Passageira é atacada por homem no metrô de São Paulo e tem o maxilar quebrado
SÃO PAULO, SP (FOLHAPRESS) - Uma jovem foi atacada por um homem na estação Parada Inglesa, da linha 1-azul do metrô de São Paulo. Larissa Raudemberg, 24, teve o maxilar quebrado por causa das agressões, segundo familiar.
O ataque ocorreu na noite de segunda-feira (15), por volta das 19h, na estação que fica na avenida Luiz Dumont Villares, no Tucuruvi, zona norte da capital paulista.
"Ela estava voltando do trabalho. Quando foi subir a escada da Parada Inglesa, tinha um cara pegando latinha no lixo e falando sozinho. Ele virou e chutou a amiga dela.
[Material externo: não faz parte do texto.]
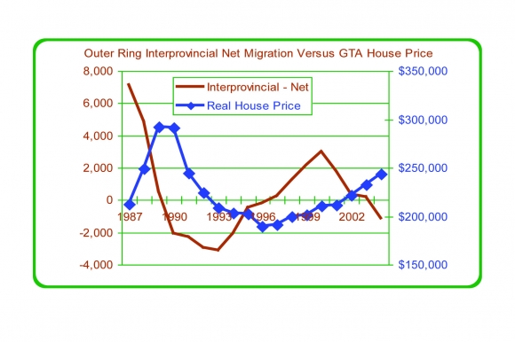 Figure 18: Outer Ring Interprovincial Net Migration vs. GTA House Prices, 1987 to 2004

Depois chutou minha filha na barriga. Ela caiu e ele chutou a cara dela várias vezes", contou o motorista Paulo Raudemberg, pai de Larissa.
Paulo disse que a filha foi jogada contra uma composição que estava chegando.
Larissa foi amparada por pessoas que estavam na estação e foi levada por agentes do metrô ao pronto-socorro do Mandaqui.
"Ela fez tomografia e raio-X e graças a Deus não teve hemorragia, mas o cara quebrou o maxilar dela. Acabou com o rosto dela. O médico disse que não precisa de cirurgia, mas vou levá-la em outro hospital, em São Bernardo do Campo", disse o motorista.
Ele relatou que a filha não costuma pegar o transporte da estação Parada Inglesa, mas que no dia um colega de trabalho deu carona até lá.
O pai reclamou de suposta falta de segurança no metrô e disse que vai processar a companhia.
"Não tinha segurança. O pessoal ali que acudiu ela e só depois o pessoal do metrô prendeu ele [o agressor]", afirmou.
Em nota, o Metrô não comentou o possível processo.
"O Metrô lamenta o ocorrido, reforça que seus funcionários atuaram prontamente para garantir o atendimento à vítima e a segurança dos demais passageiros e está à disposição das autoridades para colaborar com a investigação", afirmou a nota.
A SSP (Secretaria da Segurança Pública do estado) afirmou que o agressor foi identificado, detido e liberado. O caso foi registrado como lesão corporal e vias de fato no 73º DP (Jaçanã).
"A vítima foi orientada sobre o prazo para representação criminal, por se tratar de crime de ação penal condicionada, conforme a legislação vigente", afirmou a pasta da segurança.
"Fiquei sabendo, há pouco, que já liberaram o cara na delegacia, um agressor desse. Acabou com o rosto da minha filha. Olha o trauma que fica. Ela fica perguntando o que ela fez [para ser agredida]. Ela não merecia passar por isso", afirmou o pai.